March 9, 2022 by Alexa Hornbeck
Dr. Sonia Macieiewski, right, and Dr. Nita Patel, Director of Antibody discovery and vaccine development, look at a sample of a respiratory virus at Novavax labs in Rockville, Md. on March 20, 2020, one of the labs developing a vaccine for the coronavirus, COVID-19. (Andrew Caballero-Reynolds/AFP/Getty Images/TNS)

The Senate recently approved a resolution to repeal the COVID-19 health care worker vaccine mandate that a Supreme Court ruling on Jan. 13 allowed to proceed.

The White House issued a statement that the decision by the Senate would put unvaccinated health care workers and their patients at significant risk of contracting and transmitting COVID-19.

“It makes no sense for Congress to reverse this much-needed protection for medically vulnerable patients, as well as our health care workers who have given so much to protect us. A vote for this resolution threatens the lives of patients and health care workers alike,” writes the administration in the statement. 
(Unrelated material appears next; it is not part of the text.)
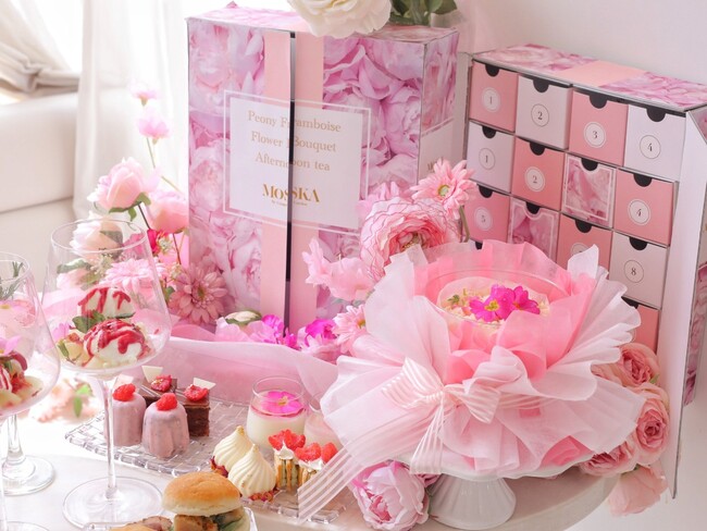 お花畑がテーマの大人の女性がワクワクするボックスアフタヌーンティー。

Back in January, the Supreme Court gave the green light to a national vaccine mandate for 10 million health care workers who serve Medicare and Medicaid recipients to get vaccinated or lose funding from the U.S. Centers for Medicare and Medicaid Services. 

On Jan. 14, CMS updated its guidance to reflect that health care workers in all states should get their first shot of the vaccine by Feb. 14, and their second shot by March 15. 
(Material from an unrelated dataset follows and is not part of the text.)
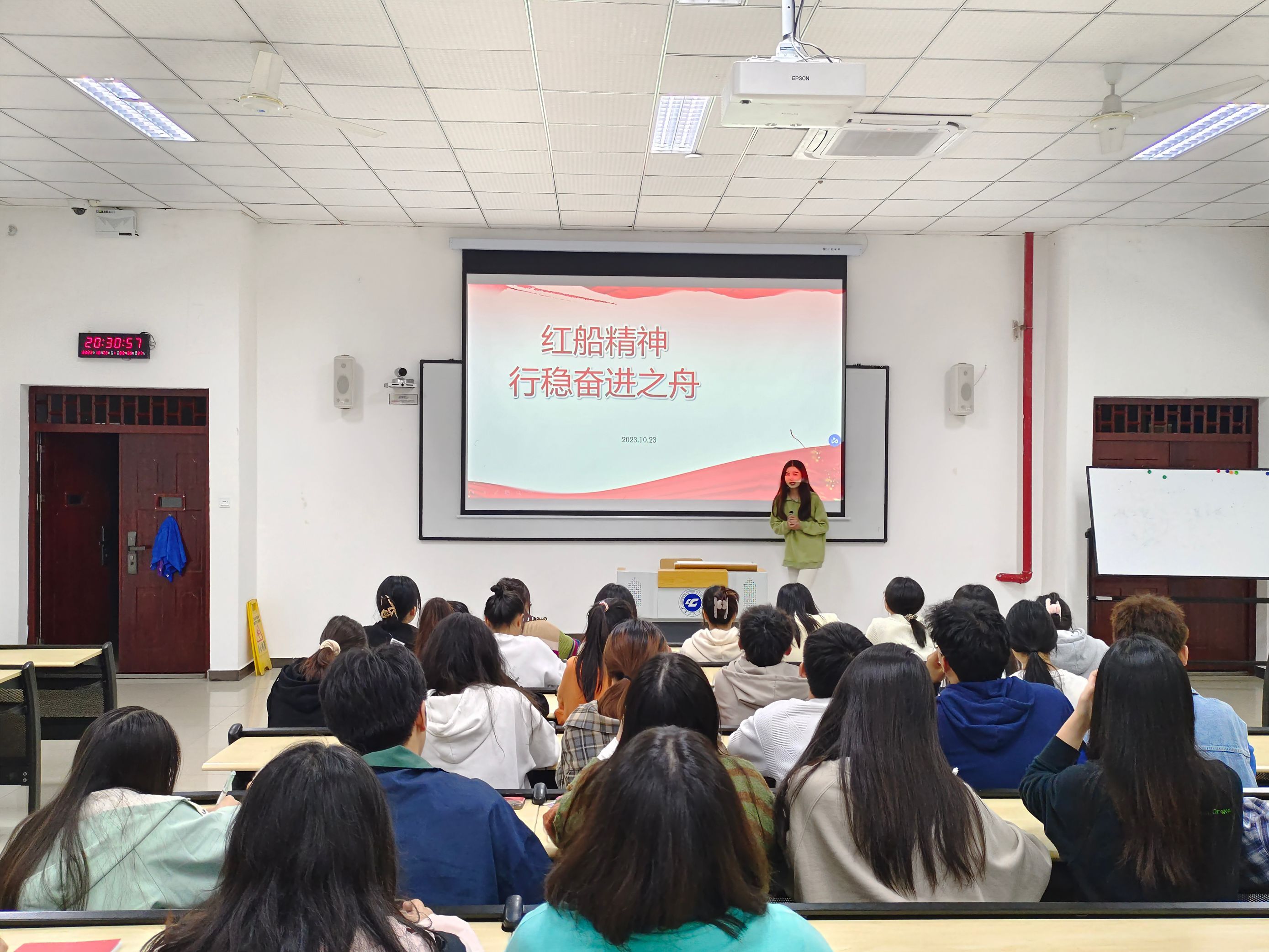(图/文 学生党教中心 敬维佳)为传承红船精神,弘扬伟大建党精神,筑牢学生党员理想信念之基,管理学院党总支于10月23日在第六教学楼开展“红船精神,行稳奋进之舟”主题学习活动。此次活动由学院学生党员实践教育分中心办公室负责人王璟萱主持,共计40人参加。

At this time, the rule will still require workers at an estimated 76,000 CMS-funded health care facilities to receive two doses of a COVID-19 vaccine by March 15, get an approved medical or religious exemption, or lose CMS funding. 

The House is not expected to pass the resolution, and the statement from the White House said that if Congress were to pass this resolution, the president would veto it.